Dataset entries
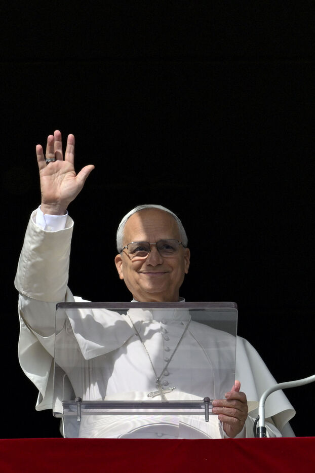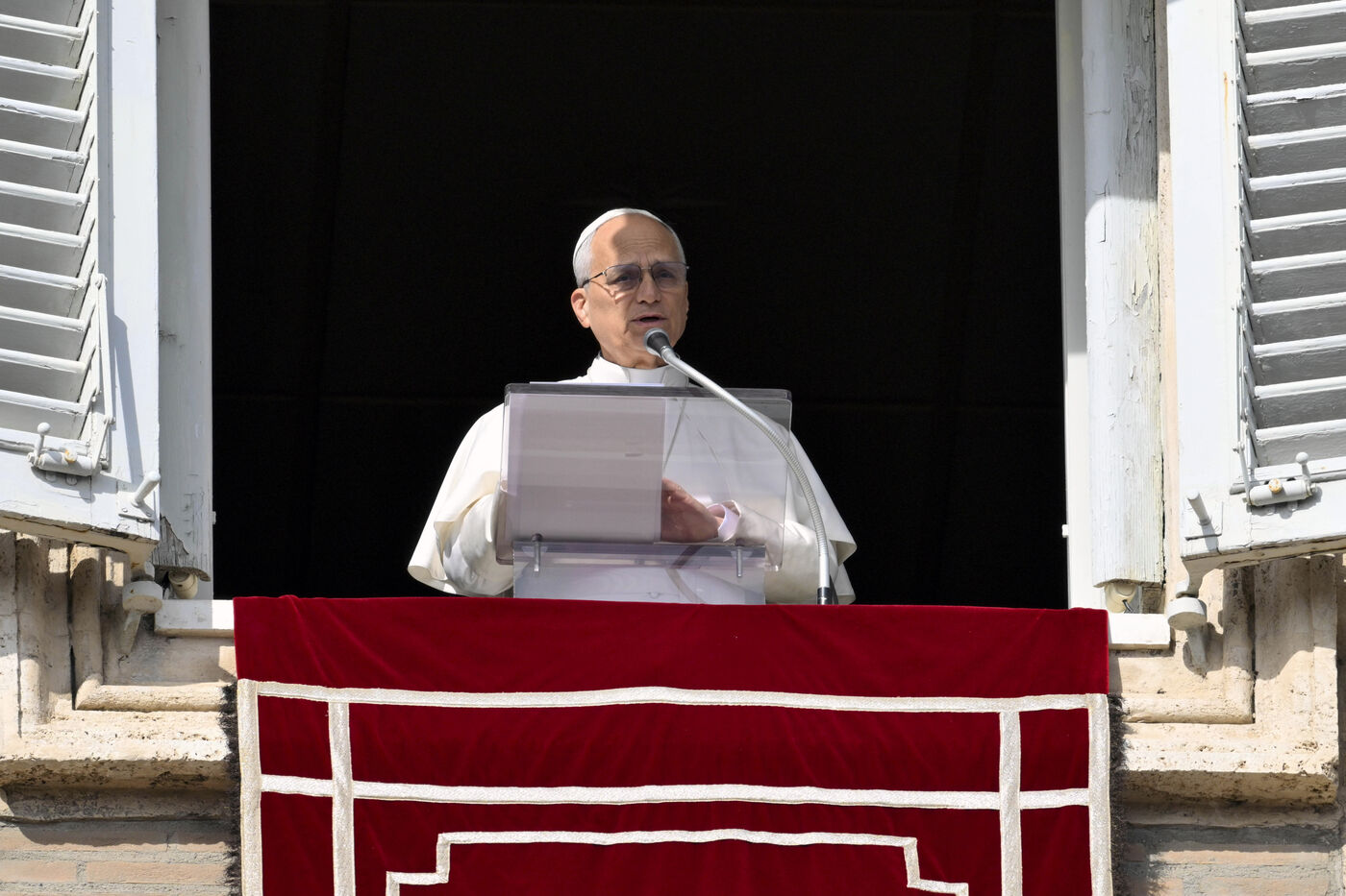Le pape Léon XIV salue la foule depuis la fenêtre du palais apostolique surplombant la place Saint-Pierre pendant la prière de l'Angélus au Vatican, le 2 novembre 2025.
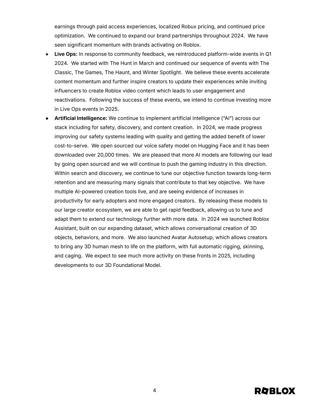 通过付费访问体验、本地化的Robux定价以及持续的价格优化获得收益。我们在整个2024年继续扩大我们的品牌合作伙伴关系。我们已经看到有品牌在Roblox上激活的势头非常明显。● Live Ops:为响应社区反馈,我们在2024年Q1重新引入了全平台活动。我们从三月份的狩猎开始,继续我们的赛事序列,包括精英赛、运动会、闹鬼和冬季聚光灯。我们相信,这些活动加速了内容势头,并进一步激发创作者更新他们的体验,同时邀请有影响力的人创作Roblox视频内容,从而带来用户参与和重新激活。继这些活动取得成功后,我们打算在2025年继续对Live Ops活动进行更多投资。●人工智能:我们继续在我们的堆栈中实施人工智能(“AI丨),包括用于安全、发现和内容创建。2024年,我们取得了进展,以质量领先的方式改进了我们的安全系统,并获得了更低的服务成本带来的额外好处。我们在Hugging Face上开源了我们的语音安全模型,下载量超2万次。我们很高兴有更多的AI模型通过开源的方式跟随我们,我们将继续推动游戏行业朝这个方向发展。在搜索和发现中,我们继续将我们的目标函数调整为长期保留,并正在测量有助于实现这一关键目标的许多信号。我们有多个人工智能驱动的创作工具正在上线,并且正在看到早期采用者和更多参与的创作者的生产力提高的证据。通过向我们的大型创作者生态系统发布这些模型,我们能够获得快速反馈,从而使我们能够调整和调整它们,从而通过更多数据进一步扩展我们的技术。2024年,我们推出了Roblox助手,它建立在我们扩展的数据集之上,它允许对话式创建3D对象、行为等。我们还推出了Avatar AutoSetup,它允许创作者在平台上让任何3D人肉网格变得栩栩如生,具有全自动索具、剥皮和笼子。我们预计2025年在这些方面会有更多的活动,包括我们的3D基础模型的发展。4
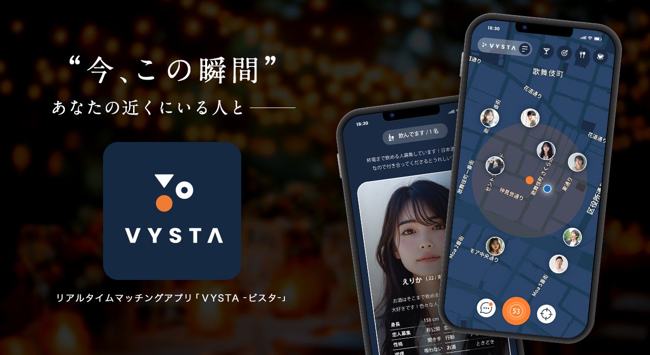 このたび、位置情報型リアルタイムマッチングアプリケーション「VYSTA(ビスタ)」の開発をご報告させていただくとともに、ウェイティングリストの受付開始を発表いたします。
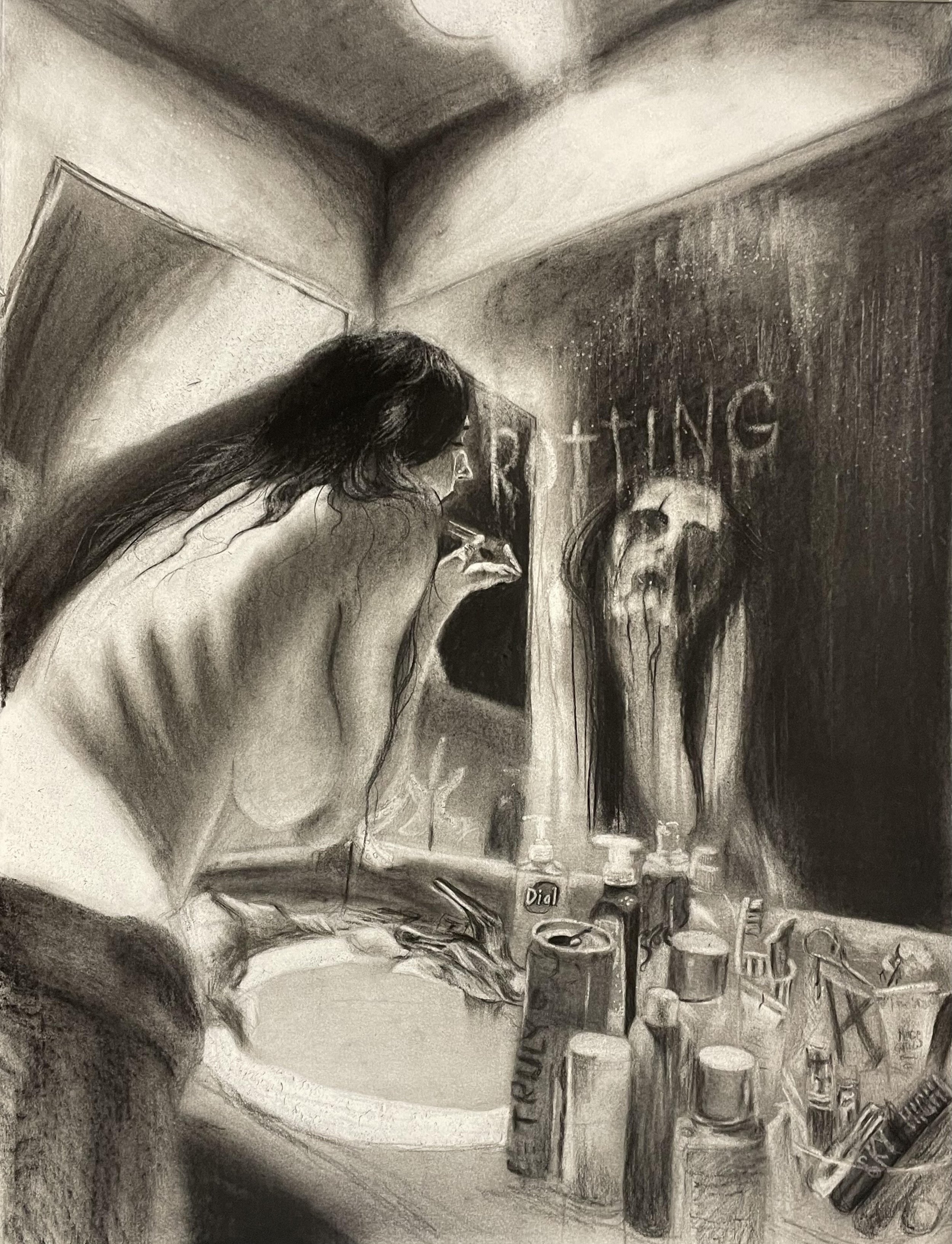 Do not look, 22" x 30", Charcoal on BFK Rives Printmaking Paper
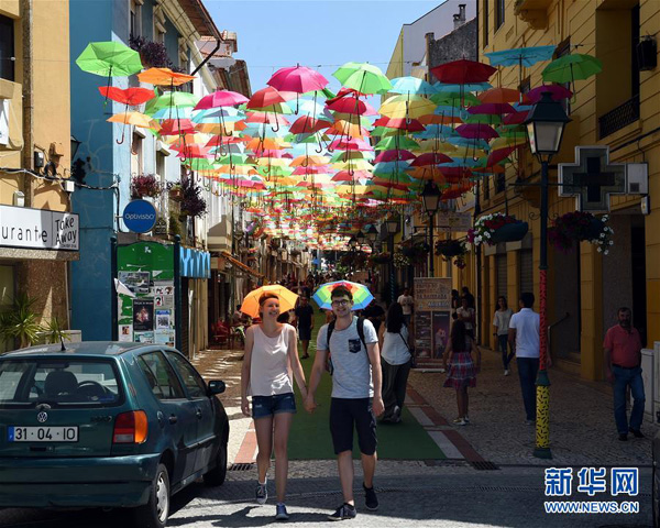 Em Águeda, Portugal, a prefeitura cobriu algumas ruas com guarda-chuvas coloridos como parte do festival de arte que acontece por lá todos os anos, em julho. Uma ideia simples e barata de enorme efeito, que sombreou as ruas áridas e deu a elas um ar de festa e alegria, além de um visual incrível.
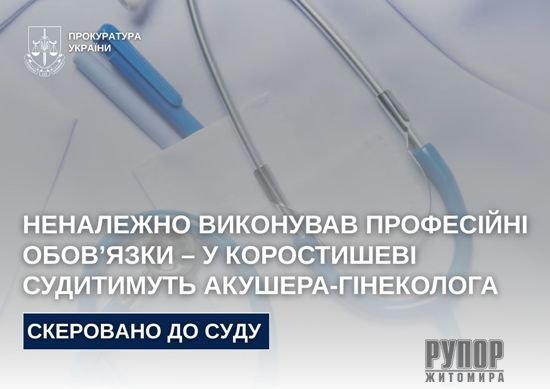 Ювенальним прокурором Коростишівської окружної прокуратури скеровано до суду обвинувальний акт стосовно лікаря акушера-гінеколога КНП «Коростишівська
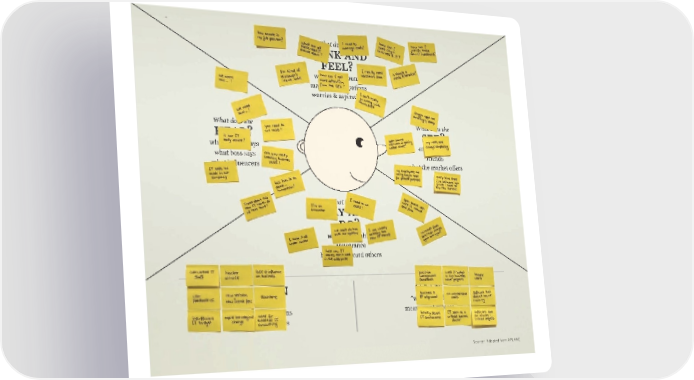 132 Customer InsIghts desIgn 132 29 CREATIVE PROBLEM SOLVING TOOLS 29 CREATIVE PROBLEM SOLVING TOOLS What does she say and do? attitude in public appearance behavior toward others What does she hear? what friends says what boss says what infl uencers pain fears frustrations obstacles What does she think and feel? what really counts major preoccupations worries & aspirations What does she see? environment friends what the market oΩers gain "wants"/needs measures of success obstacles Source : Adapted from XPLANE What does s he say and do? attitude in public appearance behavior toward others What does s he hear? what friends says what boss says what infl uencers pain fears frustrations obstacles What does s he think and feel? what really counts major preoccupations worries & aspirations gain What does s he see? environment friends what the market oΩers "wants"/needs measures of success obstacles Source : Adapted from XPLANE bmgen_final.indd 132 6/15/10 5:39 PM
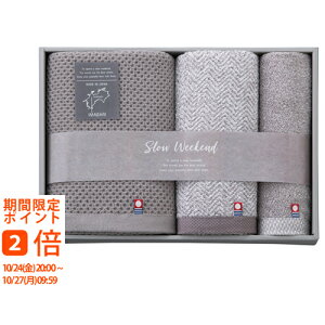 ギフト対応■商品名:スローウィークエンド バス・フェイス・ハンドタオルセット■商品:コンパクトバスタオル(約47×103cm)・フェイスタオル(約33×75cm)・ハンドタオル(約33×34cm)各1...
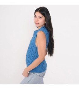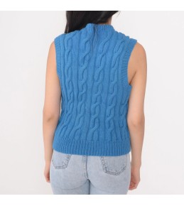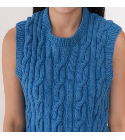 This sky blue sweater vest is a timeless layering piece with rich, classic texture. Designed with an all-over cable-knit pattern, it adds dimension and a polished, put-together feel to even the simplest outfit. The sleeveless cut makes it easy to wear year-round—layer it over shirts and turtlenecks in cooler weather, or style it solo for a clean, modern look in warmer seasons. Finished with ribbed trim at the neckline, armholes, and hem for a neat, structured fit.
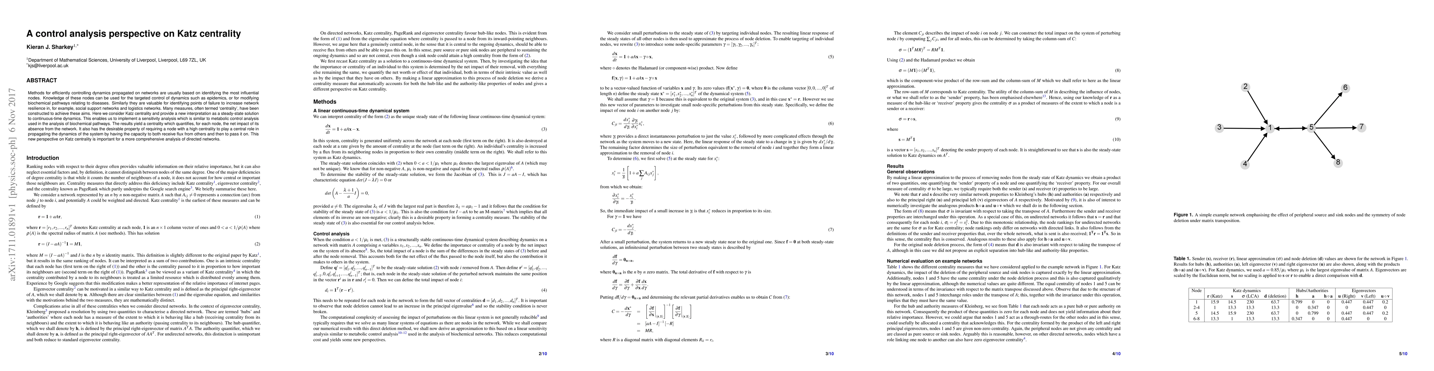 Methods for efficiently controlling dynamics propagated on networks are usually based on identifying the most influential nodes. Knowledge of these nodes can be used for the targeted control of dynamics such as epidemics, or for modifying biochemical pathways relating to diseases. Similarly they are valuable for identifying points of failure to increase network resilience in, for example, social support networks and logistics networks. Many measures, often termed `centrality', have been constructed to achieve these aims. Here we consider Katz centrality and provide a new interpretation as a steady-state solution to continuous-time dynamics. This enables us to implement a sensitivity analysis which is similar to metabolic control analysis used in the analysis of biochemical pathways. The results yield a centrality which quantifies, for each node, the net impact of its absence from the network. It also has the desirable property of requiring a node with a high centrality to play a central role in propagating the dynamics of the system by having the capacity to both receive flux from others and then to pass it on. This new perspective on Katz centrality is important for a more comprehensive analysis of directed networks.
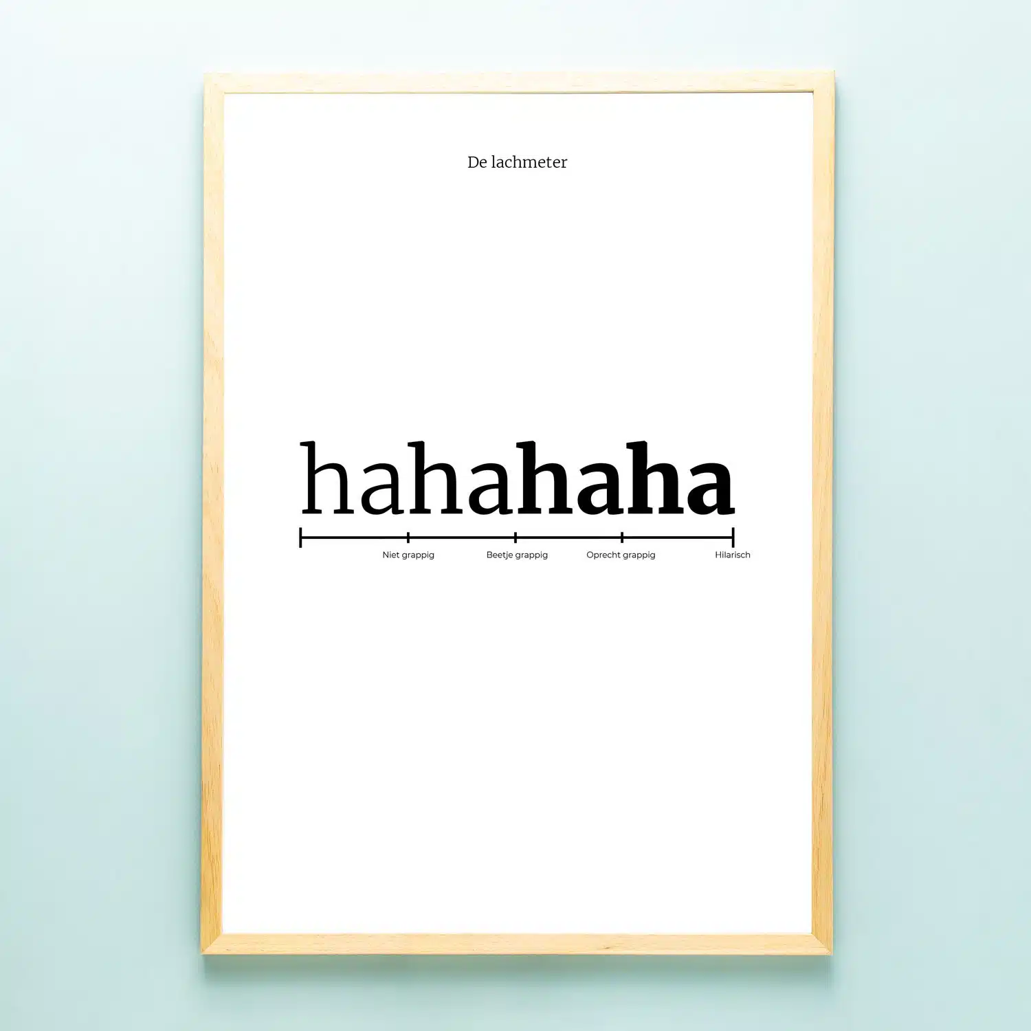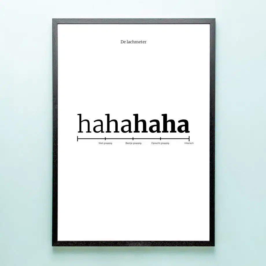 Er zijn altijd mensen die denken dat ze grappiger zijn dan ze daadwerkelijk zijn. Geef die oude oom of flauwe collega de Poster Haha cadeau. Dan kunnen ze voortaan zien hoe grappig hun geintjes echt zijn. Op de poster staat een lachmeter, waaraan ze kunnen aflezen hoe leuk iemand hun grap echt vond.
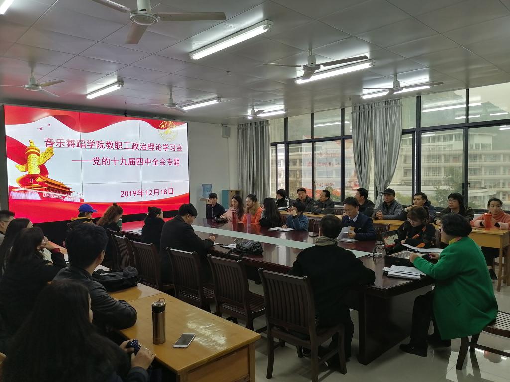12月18日下午,必赢3003no1线路检测中心在艺术楼402会议室召开关于十九届四中全会的政治理论学习会议。会议由学院党总支部书记魏菱主持,全体教职工参加会议。
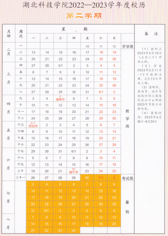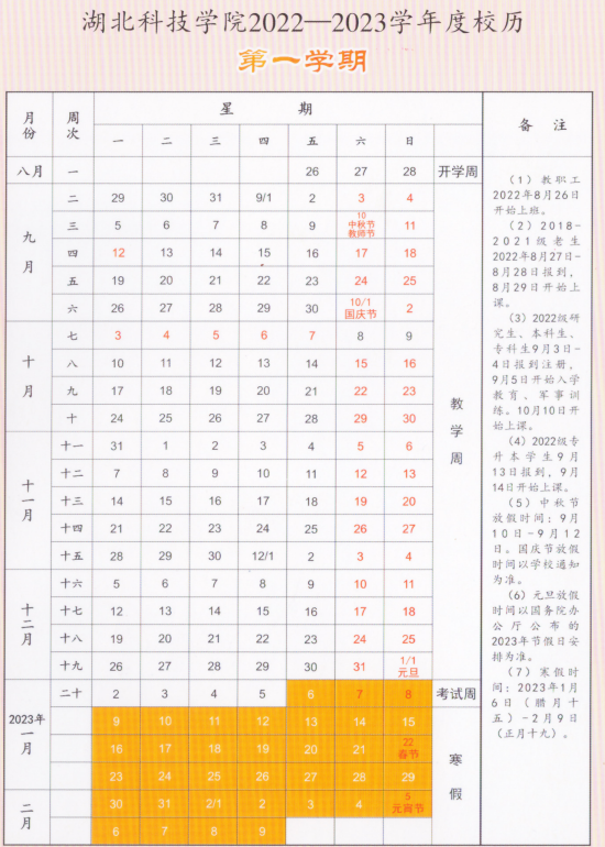 湖北科技学院校历2022-2023(源自官网,如有变动以学校实际情况为准)

# Requirement
Would you output all of the entries above exactly, keeping the pictures out?

# Answer section
Le pape Léon XIV salue la foule depuis la fenêtre du palais apostolique surplombant la place Saint-Pierre pendant la prière de l'Angélus au Vatican, le 2 novembre 2025.
 通过付费访问体验、本地化的Robux定价以及持续的价格优化获得收益。我们在整个2024年继续扩大我们的品牌合作伙伴关系。我们已经看到有品牌在Roblox上激活的势头非常明显。● Live Ops:为响应社区反馈,我们在2024年Q1重新引入了全平台活动。我们从三月份的狩猎开始,继续我们的赛事序列,包括精英赛、运动会、闹鬼和冬季聚光灯。我们相信,这些活动加速了内容势头,并进一步激发创作者更新他们的体验,同时邀请有影响力的人创作Roblox视频内容,从而带来用户参与和重新激活。继这些活动取得成功后,我们打算在2025年继续对Live Ops活动进行更多投资。●人工智能:我们继续在我们的堆栈中实施人工智能(“AI丨),包括用于安全、发现和内容创建。2024年,我们取得了进展,以质量领先的方式改进了我们的安全系统,并获得了更低的服务成本带来的额外好处。我们在Hugging Face上开源了我们的语音安全模型,下载量超2万次。我们很高兴有更多的AI模型通过开源的方式跟随我们,我们将继续推动游戏行业朝这个方向发展。在搜索和发现中,我们继续将我们的目标函数调整为长期保留,并正在测量有助于实现这一关键目标的许多信号。我们有多个人工智能驱动的创作工具正在上线,并且正在看到早期采用者和更多参与的创作者的生产力提高的证据。通过向我们的大型创作者生态系统发布这些模型,我们能够获得快速反馈,从而使我们能够调整和调整它们,从而通过更多数据进一步扩展我们的技术。2024年,我们推出了Roblox助手,它建立在我们扩展的数据集之上,它允许对话式创建3D对象、行为等。我们还推出了Avatar AutoSetup,它允许创作者在平台上让任何3D人肉网格变得栩栩如生,具有全自动索具、剥皮和笼子。我们预计2025年在这些方面会有更多的活动,包括我们的3D基础模型的发展。4
 このたび、位置情報型リアルタイムマッチングアプリケーション「VYSTA(ビスタ)」の開発をご報告させていただくとともに、ウェイティングリストの受付開始を発表いたします。
 Do not look, 22" x 30", Charcoal on BFK Rives Printmaking Paper
 Em Águeda, Portugal, a prefeitura cobriu algumas ruas com guarda-chuvas coloridos como parte do festival de arte que acontece por lá todos os anos, em julho. Uma ideia simples e barata de enorme efeito, que sombreou as ruas áridas e deu a elas um ar de festa e alegria, além de um visual incrível.
 Ювенальним прокурором Коростишівської окружної прокуратури скеровано до суду обвинувальний акт стосовно лікаря акушера-гінеколога КНП «Коростишівська
 132 Customer InsIghts desIgn 132 29 CREATIVE PROBLEM SOLVING TOOLS 29 CREATIVE PROBLEM SOLVING TOOLS What does she say and do? attitude in public appearance behavior toward others What does she hear? what friends says what boss says what infl uencers pain fears frustrations obstacles What does she think and feel? what really counts major preoccupations worries & aspirations What does she see? environment friends what the market oΩers gain "wants"/needs measures of success obstacles Source : Adapted from XPLANE What does s he say and do? attitude in public appearance behavior toward others What does s he hear? what friends says what boss says what infl uencers pain fears frustrations obstacles What does s he think and feel? what really counts major preoccupations worries & aspirations gain What does s he see? environment friends what the market oΩers "wants"/needs measures of success obstacles Source : Adapted from XPLANE bmgen_final.indd 132 6/15/10 5:39 PM
 ギフト対応■商品名:スローウィークエンド バス・フェイス・ハンドタオルセット■商品:コンパクトバスタオル(約47×103cm)・フェイスタオル(約33×75cm)・ハンドタオル(約33×34cm)各1...
 This sky blue sweater vest is a timeless layering piece with rich, classic texture. Designed with an all-over cable-knit pattern, it adds dimension and a polished, put-together feel to even the simplest outfit. The sleeveless cut makes it easy to wear year-round—layer it over shirts and turtlenecks in cooler weather, or style it solo for a clean, modern look in warmer seasons. Finished with ribbed trim at the neckline, armholes, and hem for a neat, structured fit.
 Methods for efficiently controlling dynamics propagated on networks are usually based on identifying the most influential nodes. Knowledge of these nodes can be used for the targeted control of dynamics such as epidemics, or for modifying biochemical pathways relating to diseases. Similarly they are valuable for identifying points of failure to increase network resilience in, for example, social support networks and logistics networks. Many measures, often termed `centrality', have been constructed to achieve these aims. Here we consider Katz centrality and provide a new interpretation as a steady-state solution to continuous-time dynamics. This enables us to implement a sensitivity analysis which is similar to metabolic control analysis used in the analysis of biochemical pathways. The results yield a centrality which quantifies, for each node, the net impact of its absence from the network. It also has the desirable property of requiring a node with a high centrality to play a central role in propagating the dynamics of the system by having the capacity to both receive flux from others and then to pass it on. This new perspective on Katz centrality is important for a more comprehensive analysis of directed networks.
 Er zijn altijd mensen die denken dat ze grappiger zijn dan ze daadwerkelijk zijn. Geef die oude oom of flauwe collega de Poster Haha cadeau. Dan kunnen ze voortaan zien hoe grappig hun geintjes echt zijn. Op de poster staat een lachmeter, waaraan ze kunnen aflezen hoe leuk iemand hun grap echt vond.
12月18日下午,必赢3003no1线路检测中心在艺术楼402会议室召开关于十九届四中全会的政治理论学习会议。会议由学院党总支部书记魏菱主持,全体教职工参加会议。
 湖北科技学院校历2022-2023(源自官网,如有变动以学校实际情况为准)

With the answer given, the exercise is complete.